- **Exercise details**
Would you repeat the data below exactly, taking out the images?

- **Given data**
***

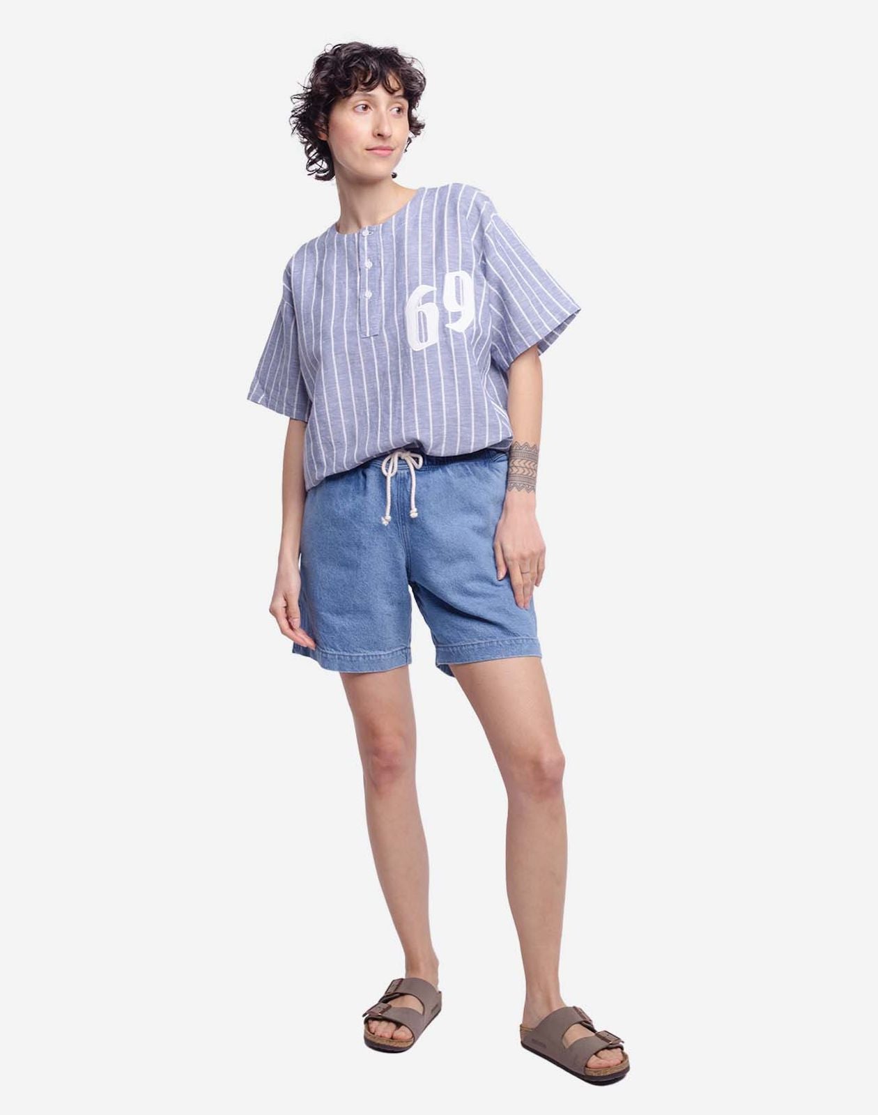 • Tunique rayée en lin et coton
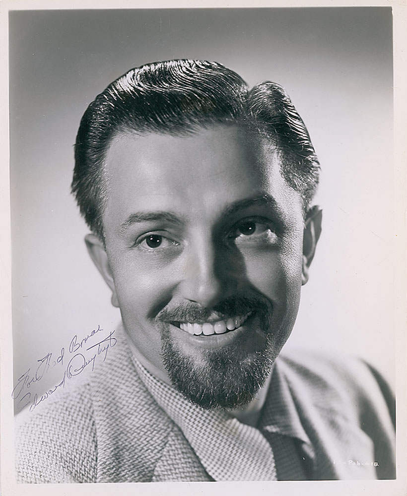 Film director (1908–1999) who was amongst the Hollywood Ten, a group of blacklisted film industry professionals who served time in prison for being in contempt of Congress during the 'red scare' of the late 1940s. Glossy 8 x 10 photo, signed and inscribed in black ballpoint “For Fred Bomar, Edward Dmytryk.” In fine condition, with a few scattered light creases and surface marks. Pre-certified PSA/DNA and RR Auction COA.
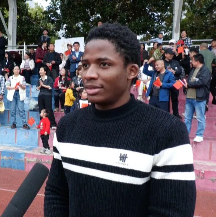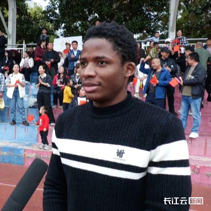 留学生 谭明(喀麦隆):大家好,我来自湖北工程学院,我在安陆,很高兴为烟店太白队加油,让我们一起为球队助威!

***

- **Task response**
 • Tunique rayée en lin et coton
 Film director (1908–1999) who was amongst the Hollywood Ten, a group of blacklisted film industry professionals who served time in prison for being in contempt of Congress during the 'red scare' of the late 1940s. Glossy 8 x 10 photo, signed and inscribed in black ballpoint “For Fred Bomar, Edward Dmytryk.” In fine condition, with a few scattered light creases and surface marks. Pre-certified PSA/DNA and RR Auction COA.
 留学生 谭明(喀麦隆):大家好,我来自湖北工程学院,我在安陆,很高兴为烟店太白队加油,让我们一起为球队助威!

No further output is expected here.